Keywords: breast cancer, cancer treatment‐related cardiac dysfunction, cardio‐oncology, geographical disparities, hypertension, racial disparities
1. INTRODUCTION
Breast cancer survivors are at increased risk of developing cancer therapy‐related cardiac dysfunction (CTRCD) following treatment with potentially cardiotoxic treatments such as anthracycline‐based chemotherapies (e.g., doxorubicin) and trastuzumab. 1 , 2 , 3 , 4 Studies examining CTRCD in breast cancer survivors have traditionally focused on left ventricular ejection fraction (LVEF) decline, heart failure, and cardiomyopathy, leaving a knowledge gap in the understanding of the onset of hypertension following a breast cancer diagnosis and receipt of cardiotoxic treatment. One recent cohort study by Kwan et al. reported a higher risk of hypertension in breast cancer survivors than in women without breast cancer (10.9% vs. 8.9%, respectively). 5 It is salient to understand the manifestation of hypertension following a breast cancer diagnosis, specifically for those who are at increased risk due to therapies and because it may contribute to other forms of cardiovascular disease and events.

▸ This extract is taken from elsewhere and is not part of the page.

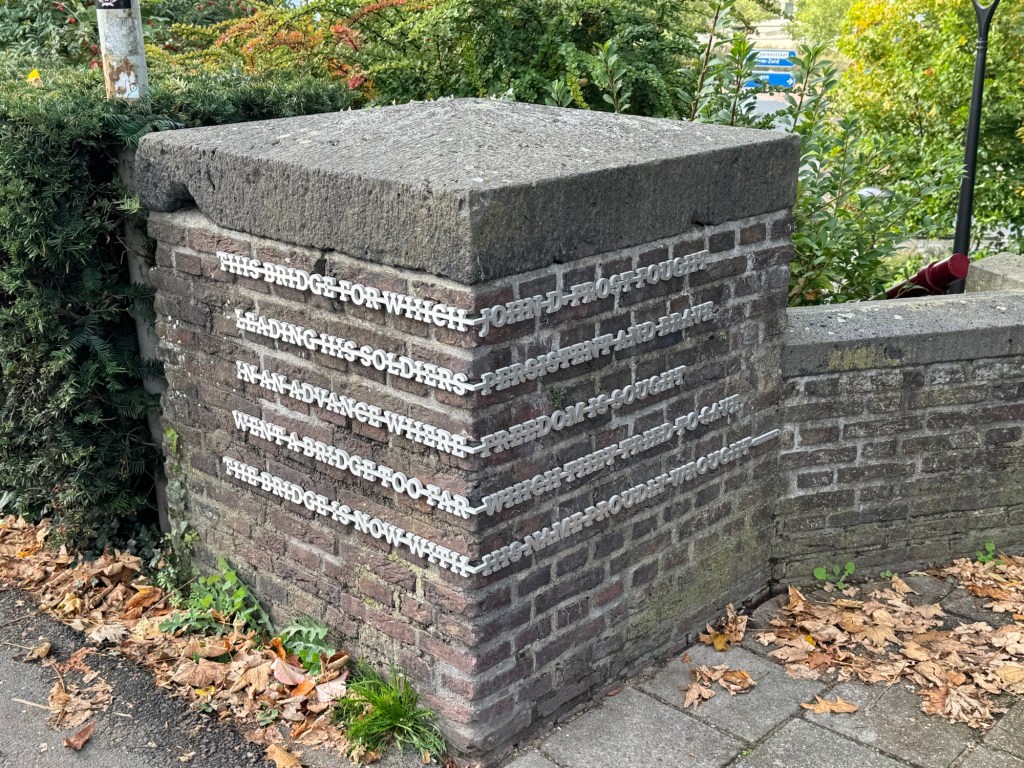 Goedemorgen from Eindhoven Bridge! Eindhoven was the smallest of the 3 bridges and really is just a small 2-lane draw bridge over a canal. Not much at the 101st Airborne Memorial that was nearby as the screaming Eagle insignia has been removed but it says “For those who here fell”.

Studies have demonstrated a higher risk of CTRCD among women who have hypertension when receiving treatment with potentially cardiotoxic treatment for breast cancer when compared to women who do not have hypertension. 6 , 7 , 8 What has not been fully characterized are the risk factors for hypertension, beyond cardiotoxic treatment. Studies in women without breast cancer have identified risk factors for hypertension to include family history, obesity, and older age. 9 Studies have also shown that Black women are more likely to develop hypertension when compared to White women. 10 , 11 , 12 In order to further our understanding of hypertension development in breast cancer survivors, we examined the risk of hypertension following a breast cancer diagnosis in Black and White women who received potentially cardiotoxic therapies utilizing hospital data, and we identified demographic and clinical factors that were associated with hypertension risk. We hypothesized that Black women, older women, and women with diabetes would have a higher incidence of hypertension when compared to their counterparts.
2. METHODS
2.1. Study design and patient selection criteria
This was a retrospective study of electronic health record data from Virginia Commonwealth University Massey Comprehensive Cancer Center, a National Cancer Institute designated cancer center. The primary purpose of the parent study was to assess racial differences in CTRCD (e.g., heart failure) among women receiving cardiotoxic treatments. Women represented in this analysis self‐identified as African American/Black or Caucasian/White and were diagnosed with Stages I–III invasive breast cancer between 2005 and 2019. All women received anthracycline‐based chemotherapy and/or trastuzumab. Women were excluded if they were missing smoking data, had a hypertension diagnosis, or were prescribed antihypertensive medications prior to or upon their breast cancer diagnosis.
2.2. Definition of incident hypertension
Incident hypertension following a breast cancer diagnosis was identified via International Classification of Diseases versions 9th or 10th revisions, clinical modification (ICD‐9‐CM; ICD‐10‐CM) diagnosis codes (i.e., 401.xx; I10) in inpatient and outpatient files or at least two systolic blood pressures >140 mmHg and/or diastolic blood pressures >90 mmHg.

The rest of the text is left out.